A global semiconductor rally is redrawing the map for emerging markets as investors rotate away from traditional growth plays like India toward chip hubs in East Asia. The MSCI Emerging Markets Index climbed 22.2% in 2026 through Thursday, outperforming the S&P 500’s 8.8% gain. This surge is driven by a massive concentration in South Korea and Taiwan, which together account for 43.7% of the index’s weight.
The inference pivot
The market focus has shifted from the "training" phase of AI development to the "inference" phase, where chips handle actual user queries. This transition has fueled a massive comeback for Intel, which saw its shares jump 114% in April alone. Intel’s year-to-date return of 214.6% is more than eight times that of Nvidia, reflecting high demand for the semiconductors that enable AI agents to provide answers.
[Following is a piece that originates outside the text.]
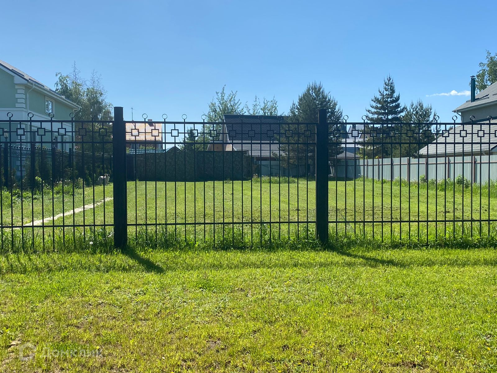 Ровной прямоугольной формы 9.7 соток, огорожен металлическим забором. Категория земель: земли сельскохозяйственного назначения, разрешенное использование: для ведения дачного хозяйства.  Удобное расположение: на машине до Москвы можно добраться за 7-10 минут.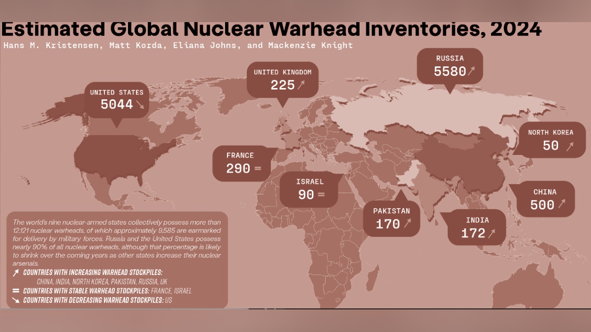 அணுஆயுதங்கள் மூலம் மோதல் வெடித்தால் அது பெரும் சேதத்தை ஏற்படுத்தும். இதனால் உலக நாடுகளும் ரஷ்யாவின் செயல்பாட்டை உன்னிப்பாக கவனிக்க தொடங்கி உள்ளன. இந்நிலையில் தான் உலகில் எந்த நாட்டில் அதிக அணு ஆயுதங்கள் உள்ளது. குறிப்பாக ரஷ்யா, அமெரிக்காவிடம் எவ்வளவு அணுஆயுதங்கள் உள்ளது? என்பது பற்றிய முக்கிய விபரம் வெளியாகி உள்ளது. இதுதொடர்பாக எப்ஏஎஸ் (FAS) எனும் Federation of American scientists இணையதளம் 2024ம் ஆண்டின் அடிப்படையில் கூறியுள்ளதாவது: 2024ம் ஆண்டின் நிலவரப்படி ரஷ்யா, அமெரிக்கா, சீனா, பிரான்ஸ், பிரிட்டன் இந்தியா, பாகிஸ்தான், இஸ்ரேல், வடகொரியா என்று மொத்தம் 9 நாடுகளிடம் அணுஆயுதங்கள் உள்ளன.

- TSMC remains a central pillar as the foundry for advanced chips designed by Nvidia and others.
- Samsung Electronics and SK Hynix are now the top components in the MSCI Emerging Markets Index alongside TSMC.
- The Philadelphia Semiconductor Index, which tracks these global leaders, has risen 70.5% so far this year.
India loses ground
While East Asian markets boom, India is at risk of falling out of the world’s five largest stock markets for the first time in three years. Global investors are increasingly prioritizing chip manufacturing and AI infrastructure over India’s domestic consumption story. Without direct links to the AI buildout, Indian equities are losing their status as the preferred emerging market alternative to China.
Geopolitical risks remain a primary bottleneck for this concentrated market. Much like the Strait of Hormuz dictates oil security, the Taiwan Strait remains a critical chokepoint for the "silicon shield." Any political tremors in East Asia could disrupt the global supply of advanced chips that currently underpin these market gains.